Vielfalt wertschätzen statt ausgrenzen

Bezüglich eines konkreten Vorbereitens von Kindern auf Diskriminierungserfahrungen ist Nkechi Madubuko skeptisch: „Von vornherein zu vermitteln, dass man ausgegrenzt werden könnte, halte ich für keine gute Botschaft.

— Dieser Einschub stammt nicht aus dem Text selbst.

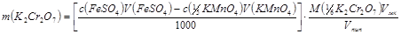 Расчетную формулу для m(К2Cr2О7) получают из соотношений количеств веществ для стадий 1 и 2:

Schließlich wollen wir den Kindern ja nicht vermitteln, dass sie in einer Welt leben, die einem feindlich gesinnt ist.“ Vielmehr sollten Erwachsene stets bereit sein, zu differenzieren. „Nur durch den Kontakt mit Menschen, die eine andere Kombination an Merkmalen haben, kann man auch deren Realität erleben und als unglaublich bereichernd wahrnehmen.“ Dass Menschen heutzutage empfänglicher werden für eigene sowie fremde Gefühle und immer mehr lernen, sich in fremde Schicksale hineinzuversetzen und sich mit anderen zu solidarisieren, sind zweifelsohne unverzichtbare Errungenschaften von gleichberechtigten Gesellschaften. In Bezug auf Erziehung müsse man sich laut Nkechi Madubuko darüber im Klaren sein, dass bei Kindern ständig Bewertungsprozesse stattfinden. Allein aufgrund der Tatsache, dass Kinder zum Beispiel zur Mehrheitsgesellschaft gehören, würden Kinder laut der Diversitäts-Expertin ein Gefühl der Macht erfahren. Für diese Situationen empfiehlt Madubuko: „Kinder sollten nicht glauben dürfen, dass sie etwas Besseres sind und sie sollten kein überzogenes Selbstbild für sich beanspruchen.“ Was es dafür braucht? Einmal mehr die Vorbildfunktion empathischer Eltern und Bezugspersonen, die sich solidarisch verhalten und Zivilcourage zeigen.